Independent consultant’s role with home builder changed from original 1987 contract: Court
A contractor relationship is different from an employer-employee relationship, but sometimes the two can merge over time. This can lead to a company being caught off-guard when it discovers it has an employee it didn’t know it had. An Ontario company that terminated its relationship with a sales representative under a contract signed 18 years earlier found this out when the courts found it was on the hook for pay in lieu of notice far greater than the terms of the original contract.
Elizabeth McKee, 68, signed a sales and advertising agreement with Reid’s Heritage Homes, a home builder based in Cambridge, Ont., on Jan. 8, 1987. McKee signed the agreement on behalf of her consulting business. Under the agreement, Reid’s would provide 69 homes in Guelph, Ont. for McKee to advertise and sell. She would receive $2,500 for each home sold.
The contract included an exclusivity clause in which McKee’s company would only work with Reid’s unless Reid’s allowed it to another company owned by Reid’s owner. There was also a termination provision stipulating either party could end the agreement with 30 days’ notice.
McKee sold the 69 homes within the year and Reid’s continued to provide homes for her to sell. Reid’s also began supplying her with company stationery and forms and began calling her its sales manager. McKee hired some assistants on her own and paid them from the commissions she received from Reid’s.
New reporting relationship
In 2000, Reid’s owner died and the company was taken over by the owner’s son-in-law. Things continued as they were until 2004, when Reid’s hired a corporate sales manager to whom all commissioned agents, including McKee, would report. In February 2005, the owner told McKee she and her assistants would work for Reid’s directly and they would work out a new contract with a guarantee of 100 lots per year to sell. However, the new manager refused to give McKee that guarantee and after she didn’t agree to terms, Reid’s offered her a standard employee contract with a 14-day termination notice provision.

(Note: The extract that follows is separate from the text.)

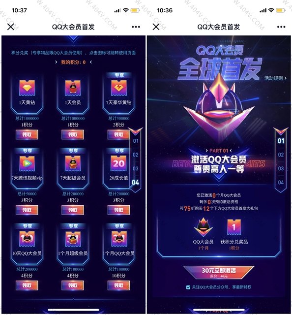 手机扫码进入活动界面 30元即可开通大会员比原价40折扣了10元另外还有积分 积分可以兑换各种钻和奖品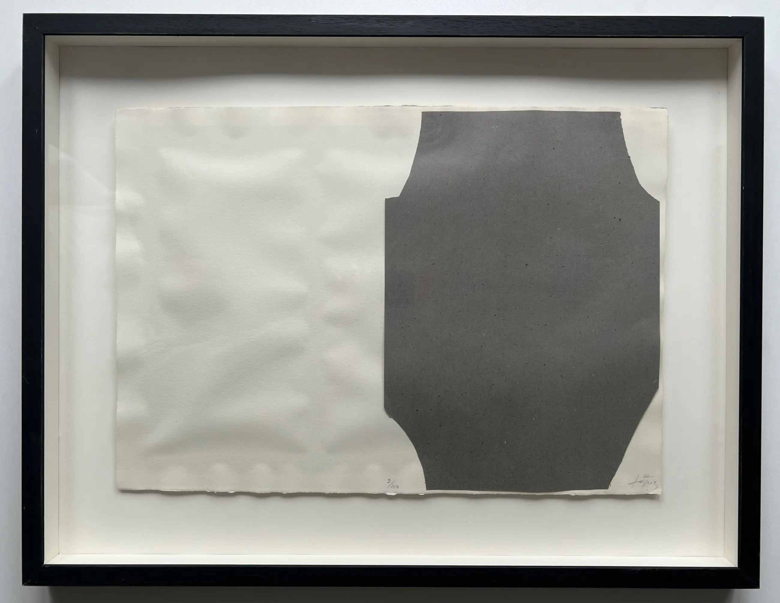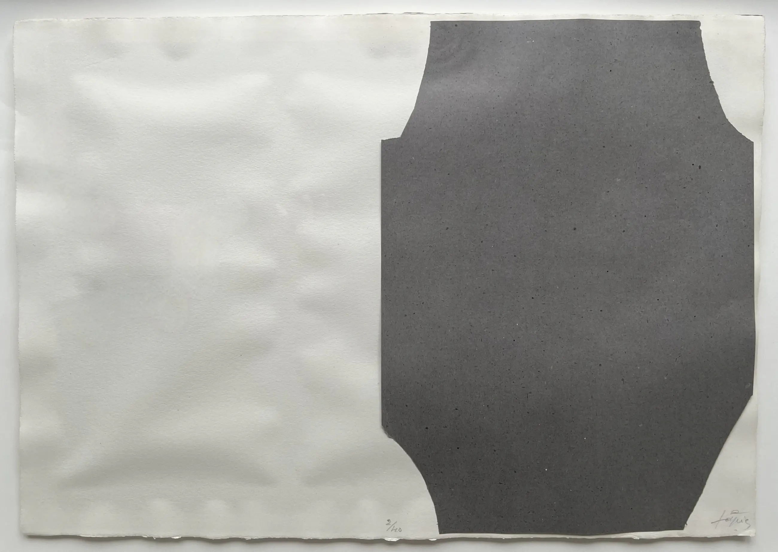Interessante compositie, waarbij het gehele blad onderdeel is daarvan. Rechtsonder gesigneerd met potlood door de kunstenaar. Middenonder genummerd met oplagenummer 2/40. Rechtsonder zit ook de signatuur van Tapies als watermerk in het papier.

The inconsistency in Reid’s approach and the perceived animosity in the contract offer made McKee feel uncomfortable and she felt she should look for employment that wasn’t time-limited. She began selling homes for another builder and sued Reid’s for wrongful dismissal.
The Ontario Superior Court of Justice initially found the original agreement between McKee’s company and Reid’s was “spent” once she sold the 69 homes specified in the agreement. However, since they continued their relationship and McKee continued to sell homes for Reid’s and nobody else, the court found there was a “tacit agreement” she would work exclusively for Reid’s.
The court also found since McKee worked exclusively for Reid’s selling homes, which was Reid’s “most integral part” of its business, she was not a contractor but rather an employee of the builder. Because of the length of her service and age, the court ruled McKee was entitled to 18 months’ pay in lieu of notice.
Reid’s appealed the decision, arguing McKee was not an employee but rather an “dependent contractor,” which was defined in the Ontario Labour Relations Act as an intermediate category where a contractor depends financially on a business and has a relationship similar to that of an employee but still different. It said the 30-day notice period in the original contract should have continued to apply since the relationship was unbroken. The company also pointed out it offered McKee another position after the contract dispute but she refused.
The Ontario Court of Appeal agreed dependent contractors were a legitimate category, but said they are owed reasonable notice of termination just as full employees would be. Regardless, the court agreed with the trial court’s finding that McKee was in fact an employee of Reid’s.
Status changed to in-house agent
Both courts found Reid’s gave more specific tasks to McKee when the new sales manager took over to supervise her. Reid’s oversaw advertising and pricing responsibilities, leaving McKee to do the “sort of specialization of tasks that one expects to find with respect to an in-house agent rather than an independent, or even dependent, realty firm.” McKee used Reid’s facilities and tools with little risk of her own capital, all characteristics of employee status, said the court.
Though McKee hired her own staff and communicated Reid’s directives to them herself, the court said this was typical of many chains of authority within organizations, particularly sales, that involved managers and staff within a division. In addition, though she operated her own business at the beginning of her relationship with Reid’s, her status changed over 18 years and her interaction with Reid’s business was notably different than when she signed the original contract in 1987.
In addition to upholding the trial court’s finding that McKee was an employee of Reid’s, the appeal court also agreed she was entitled to 18 months’ notice. Since relations between McKee and Reid’s deteriorated when the new manager took over and the company offered her a different contract than what was discussed, the court found the relationship had “drastically” changed and irreparably damaged. As a result, McKee wasn’t required to mitigate her damages by accepting another position with Reid’s.